## What needs to be done
Everything from the line containing "L’Installation d’ un" through the final line of the entries, both included, should be copied exactly and with nothing else; please skip pictures.

Top of Provided records

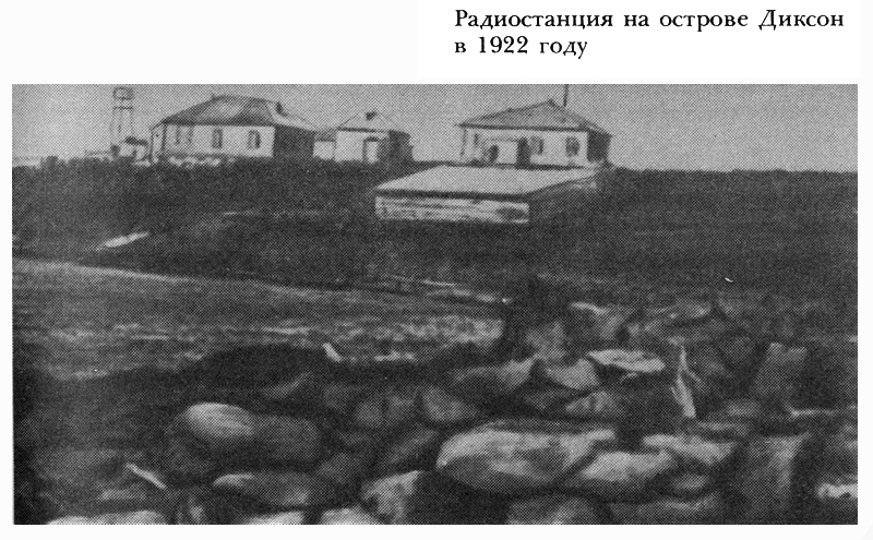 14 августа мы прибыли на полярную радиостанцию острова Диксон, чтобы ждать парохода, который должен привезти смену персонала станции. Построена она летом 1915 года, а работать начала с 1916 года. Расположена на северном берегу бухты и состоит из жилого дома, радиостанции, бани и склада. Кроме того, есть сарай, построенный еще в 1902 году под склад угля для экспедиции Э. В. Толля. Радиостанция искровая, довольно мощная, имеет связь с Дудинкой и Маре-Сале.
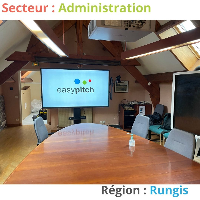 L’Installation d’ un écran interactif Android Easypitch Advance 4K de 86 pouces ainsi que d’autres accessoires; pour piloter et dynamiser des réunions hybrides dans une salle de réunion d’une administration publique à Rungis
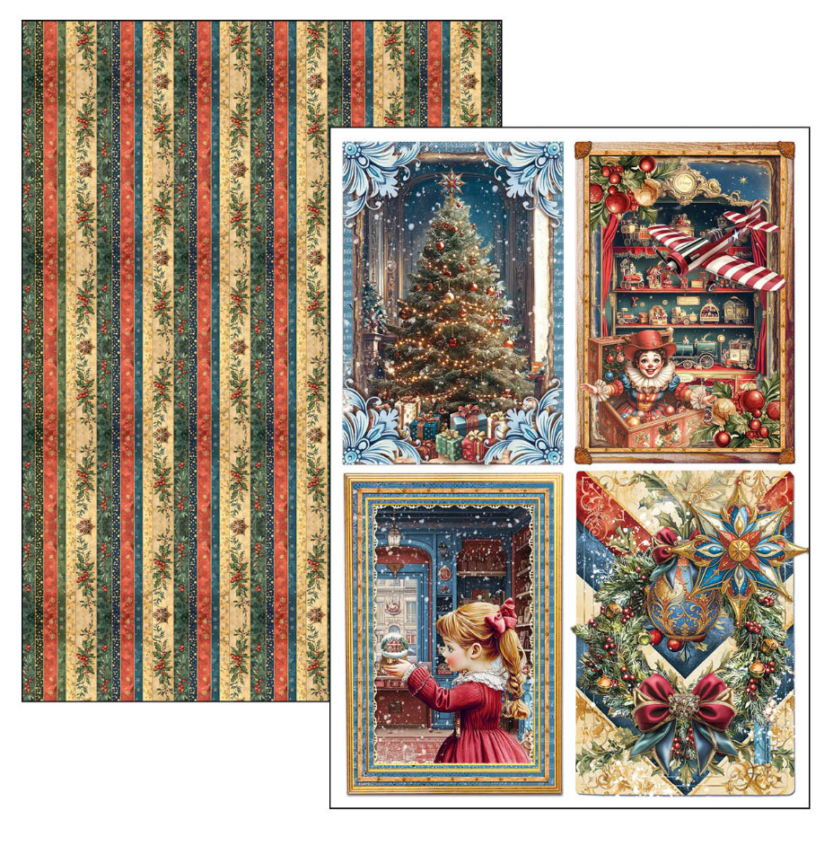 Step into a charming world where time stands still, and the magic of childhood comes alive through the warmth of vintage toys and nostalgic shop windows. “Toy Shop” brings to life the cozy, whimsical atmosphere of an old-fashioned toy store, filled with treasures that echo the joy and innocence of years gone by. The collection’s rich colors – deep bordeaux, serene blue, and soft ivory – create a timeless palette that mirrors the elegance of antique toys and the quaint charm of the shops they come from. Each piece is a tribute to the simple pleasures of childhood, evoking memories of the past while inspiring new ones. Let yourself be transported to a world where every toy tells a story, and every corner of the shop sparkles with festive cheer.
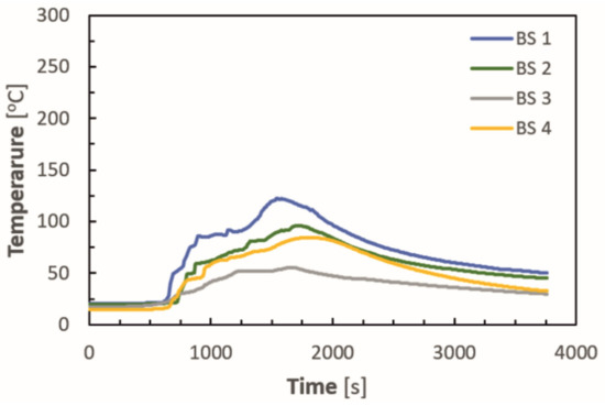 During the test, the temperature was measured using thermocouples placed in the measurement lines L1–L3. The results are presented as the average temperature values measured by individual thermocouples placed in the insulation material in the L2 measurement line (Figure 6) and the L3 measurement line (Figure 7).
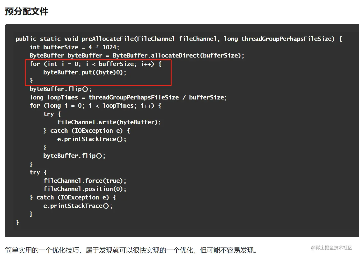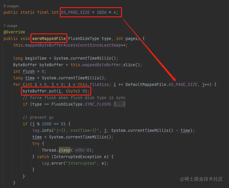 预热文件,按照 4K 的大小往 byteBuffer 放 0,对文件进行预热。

Bottom of Provided records

## Response area
 L’Installation d’ un écran interactif Android Easypitch Advance 4K de 86 pouces ainsi que d’autres accessoires; pour piloter et dynamiser des réunions hybrides dans une salle de réunion d’une administration publique à Rungis
 Step into a charming world where time stands still, and the magic of childhood comes alive through the warmth of vintage toys and nostalgic shop windows. “Toy Shop” brings to life the cozy, whimsical atmosphere of an old-fashioned toy store, filled with treasures that echo the joy and innocence of years gone by. The collection’s rich colors – deep bordeaux, serene blue, and soft ivory – create a timeless palette that mirrors the elegance of antique toys and the quaint charm of the shops they come from. Each piece is a tribute to the simple pleasures of childhood, evoking memories of the past while inspiring new ones. Let yourself be transported to a world where every toy tells a story, and every corner of the shop sparkles with festive cheer.
 During the test, the temperature was measured using thermocouples placed in the measurement lines L1–L3. The results are presented as the average temperature values measured by individual thermocouples placed in the insulation material in the L2 measurement line (Figure 6) and the L3 measurement line (Figure 7).
 预热文件,按照 4K 的大小往 byteBuffer 放 0,对文件进行预热。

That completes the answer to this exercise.